First what are your takes?

Second, 
Is Pat Nixon the only character to use profanity?
She says (goddamn) in this clip:





3rd, also in the same clip,
that chinese woman comes out in front of the curtains? Why does she do so? Is it to contrast/emphasize the feeling of forlornness that one would feel were they to risk non-conformance communist china?

4th
at the end of the same clip, after the ballet guy wakes up the ballet girl, she comes to her senses, but then he shakes her.... why? The music/clip end at this point.

What I'ld like to say, this is the second time i've listened to clips of nixon in china, the first time i was unimpressed.... but now i find them so mesmerizing and hypnotic.
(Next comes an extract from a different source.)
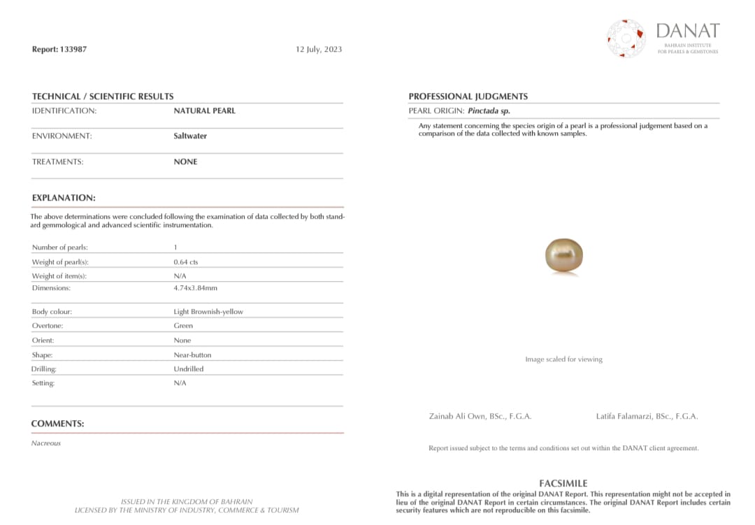 Real Natural Pearl 0.64 Carat Danat Lab Certified 133987/ Hirco Certificate No: 0400012464
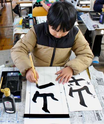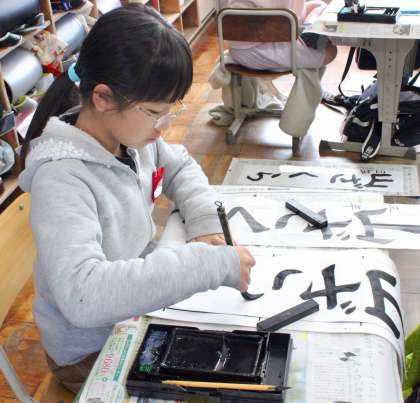 また、筆の入り、止め、はね、はらいを意識して、ゆっくり書く姿が印象的でした。

I'm so wishing that I had seen the telecast in 2011.


----------



## tyroneslothrop (Sep 5, 2012)

obwan said:


> I'm so wishing that I had seen the telecast in 2011.


You get a chance to- the Blu-ray disc of the telecast is out next week:
http://www.amazon.com/Nixon-In-China-DVD-Blu-Ray/dp/B009FB3YE4/ref=sr_1_3?s=movies-tv&ie=UTF8&qid=1352251572&sr=1-3&keywords=James+Maddalena

I caught this particular performance last year and it was truly excellent.


----------



## mamascarlatti (Sep 23, 2009)

Meanwhile this channel has it complete in sections: Nixon in China


----------



## tyroneslothrop (Sep 5, 2012)

tyroneslothrop said:


> You get a chance to- the Blu-ray disc of the telecast is out next week:
> http://www.amazon.com/Nixon-In-China-DVD-Blu-Ray/dp/B009FB3YE4/ref=sr_1_3?s=movies-tv&ie=UTF8&qid=1352251572&sr=1-3&keywords=James+Maddalena
> 
> I caught this particular performance last year and it was truly excellent.


On returning to the States from Russia, my pre-ordered copy of this video was waiting for me with the mail. I watched it again and have to say that it bears watching more than once even if you caught the telecast. The choreography is excellent and it is very well sung and produced.


----------



## ZombieBeethoven (Jan 17, 2012)

I couldn't make schedules work out in order to see Nixon in San Francisco earlier this year. I regret that. This opera fascinates me. I like your use of the word "mesmerizing" in this context, Obwan.


----------



## tyroneslothrop (Sep 5, 2012)

mamascarlatti said:


> Meanwhile this channel has it complete in sections: Nixon in China


Or if you are a copyright bot , you can catch this same production on the Met's own system, Met Opera on Demand.


----------